I will NOT be buying a Colt. They ****** me off beyond comprehension a while back when they went public with statements against the NRA. Even the most vocal supporter of Colt handguns I know was taken aback.

Around here the consensus is the copies have Colt beat now anyway.

Let's see what happens.


----------



## Csquared (Sep 5, 2006)

Someone needs to tweak this program. I did not say "ticked". Ticked does not come close to showing how pizzed I am at Colt, and Smith and Wesson for that matter.

We as gun owners need to remember who in the industry has their hearts and minds in the right places, and remember the ones who don't EVEN LONGER!!!!!


----------



## Remington 7400 (Dec 14, 2005)

I drove half way around the state looking at the different manufactures then I decided on a DPMS, so far that choice had proved to be great.

I wanted a M4 style rifle so I went with this.

http://www.pantherarms.com/firearms/5.56x45mm/lite_16.aspx

For a M16 style rifle I think you would be greatly satisfied with this.

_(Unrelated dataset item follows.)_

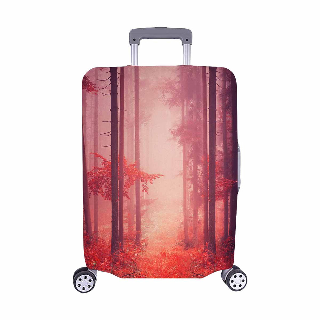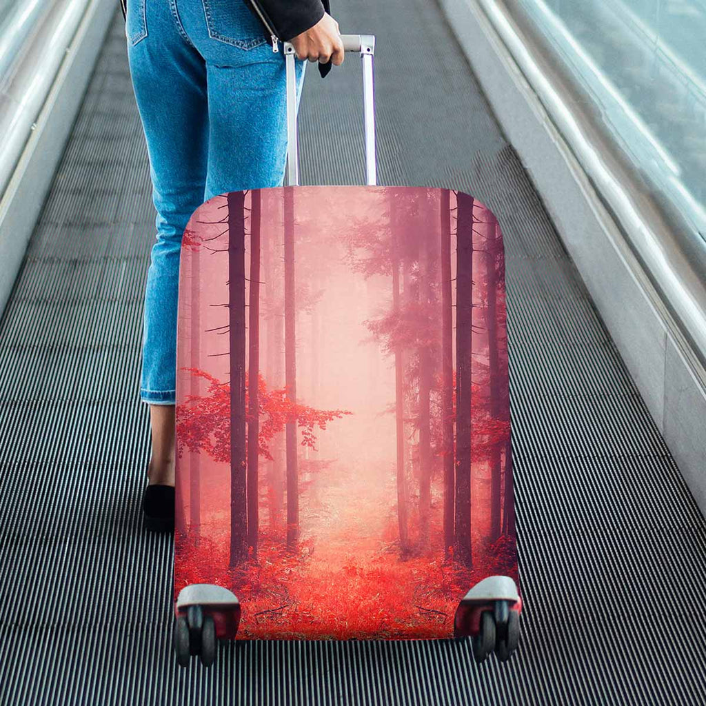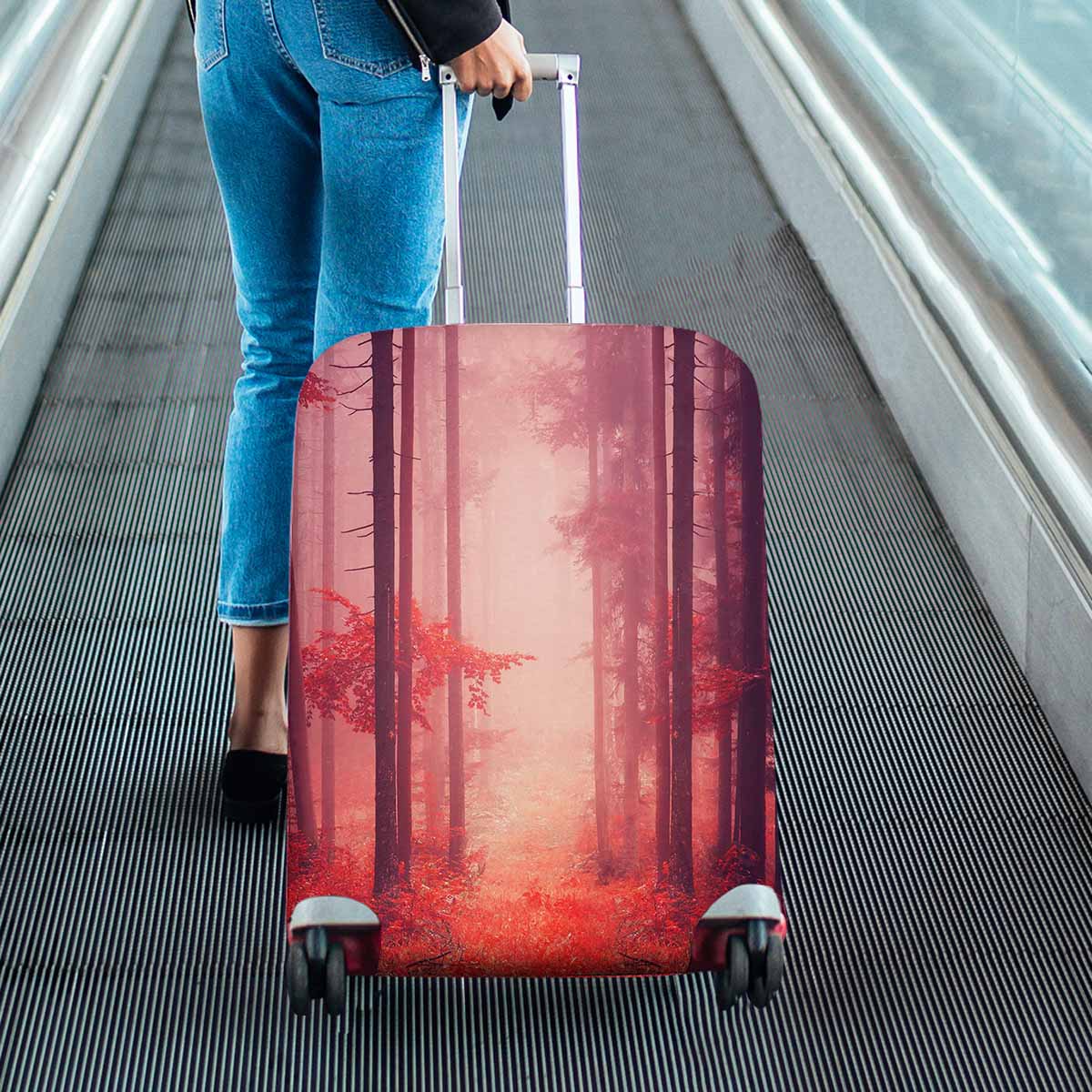 Tree Mountains themed Cover for Luggage suitcase printed Red color saturated foggy fantasy forest scene with path
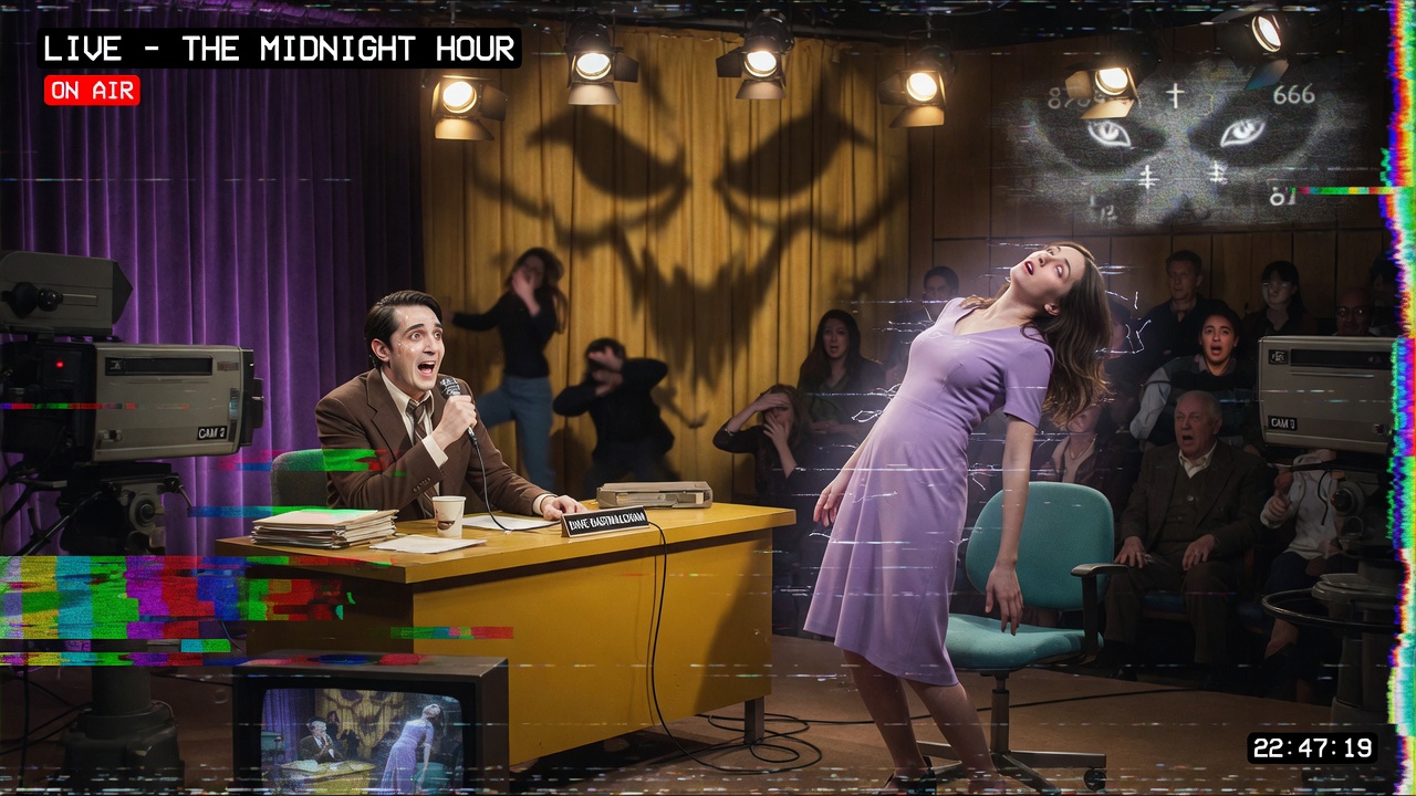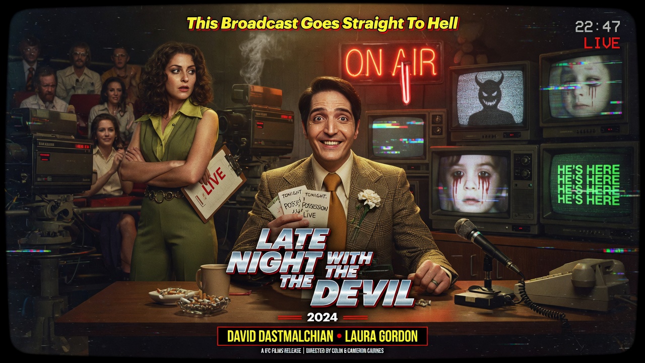 Step back into the eerie glow of 1977 television with Late Night with the Devil, a chilling found-footage style horror that turns a desperate Halloween special into pure nightmare fuel. David Dastmalchian delivers a haunting performance as Jack Delroy, the charismatic yet tormented host of Night Owls, a late-night talk show struggling after the tragic loss of his wife. Desperate for ratings, Jack invites controversial guests onto the live broadcast on October 31st.

http://www.pantherarms.com/firearms/5.56x45mm/classic.aspx


----------



## People (Jan 17, 2005)

I have never dealt with the select fire weapons from DPMS but I have a few friends that have the semi auto only dpms guns. They have never had a problem with their guns. I would rather have a crapy SKS "and they all are compaired to the MAC-90 type guns" than have a colt. I am parshal to bushmaster but DPMS and Rock River Arms both make a great gun.


----------



## Bore.224 (Mar 23, 2005)

DuckHTR My brother has a Bushmaster and its great, I think the A2's are too heavy as I got used to the A1's in my Army Days but thats just me. Please do not use the term Assault Rifle, that is a anti gun term used by spindoctors to scare the uneducated. I called my M-16 Lisa!!


----------